Зеркала души[4 - Imago animi vultus est (лицо есть зеркало души), со временем превратившееся в Vultus est index animi (глаза – это зеркало души) Марк Тулий Цицерон] мутнеют со временем, всё меньшее отражается в них, и окружающее словно обволакивает туман. От нежелания видеть всей правды или по причине того, что, несмотря на прелесть сонма мелочей, в жизни есть нечто, самое-самое, главное, которое не разглядеть ясным взглядом. Ибо – много помех и яркого, сияющего пусто, да звонко.
По той же причине, давая себе передышку, прикрывает глаза каждый день. Он дремлет, а вечер, порешив немного прибрать, занавешивает небо чем-то серым, чтобы не запылился его голубоватый лик в резной серебряной оправе горизонта.
Чего скрывать, но всякий день тот ещё модник. На закате он часто рядится в золотую парчу или розовый шёлк, но позже его вполне можно застать попросту, – в протёртой на локтях до паутины ветвей кофте ночи. Зияющую на видном месте прореху луны, он штопает временами, но она упряма и возвращается на своё место, ветшая понемногу, постепенно, еженощно…
Ведала ли то про луну бабушка, приглядываясь к ночи, через отогнутый уголок занавески? Пойму ли что про неё я? Кто знает… Хотя и мне уже просить впору:
– А ну, вдень-ка нитку в иголку!
Только вот кого?..
Это всё сказки…
Они всё время ругались. Он был из тех, желчных, постоянно недовольных окружающими. Влюблённый в одного себя, он ловко управлял своею, направленной на неё досадой, чтобы уязвить, тем самым поддерживая в ней чувство вины за те многочисленные, бесконечные, принесённые с фронта, тянущие печень хвори. А она, отсидевшаяся, по его выражению, на тяжёлых работах в тылу, сохранившая всех трёх детей, младшему из которых исполнилось ровно два месяца к началу войны, и впрямь чувствовала себя виноватой перед мужем. Каждый день своей жизни, с раннего утра, она посвящала уходу за ним. Порядок и ремонт в доме, стирка и кипячение белья, завтраки, обеды, ужины с тем разнообразием блюд, к которому привык супруг, – и всё это одна, руками, без помощников. Для себя у неё оставалось лишь пара часов с книгой, пока он спал после обеда. Делать в это время ничего было нельзя, ибо он требовал для себя абсолютной тишины.

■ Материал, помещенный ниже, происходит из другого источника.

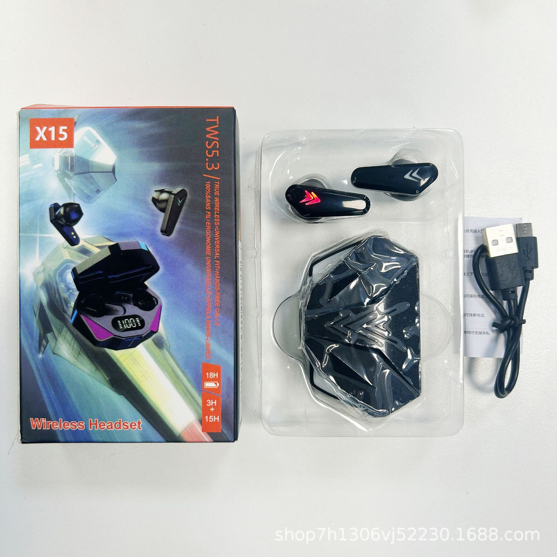 국경 간 X15 e 스포츠 게임 블루투스 헤드셋 실제 무선 5.2 긴 내구성 낮은 대기 시간 HD 디지털 디스플레이 공장 직접 판매

– Он отдыхает! – Священный трепет этой фразы ощущал на себе любой, посмевший покуситься и потревожить. Любимые внуки, оказавшиеся в этот час подле, сидели смирно, в ожидании, пока проснётся дед, и с восхищением следили за бабушкой. Муху, пробравшуюся, на свою беду, сквозь замочную скважину, она могла поймать в кулак, не отрываясь от чтения.
И вот, однажды вечером, под предлогом ухудшения бесконечного нездоровья, она предложила помочь мужу вывести поутру его собаку. Тот, избалованный вниманием соседок, вспылил, они повздорили, и, так и не помирившись, отошли ко сну, каждый в своей комнате.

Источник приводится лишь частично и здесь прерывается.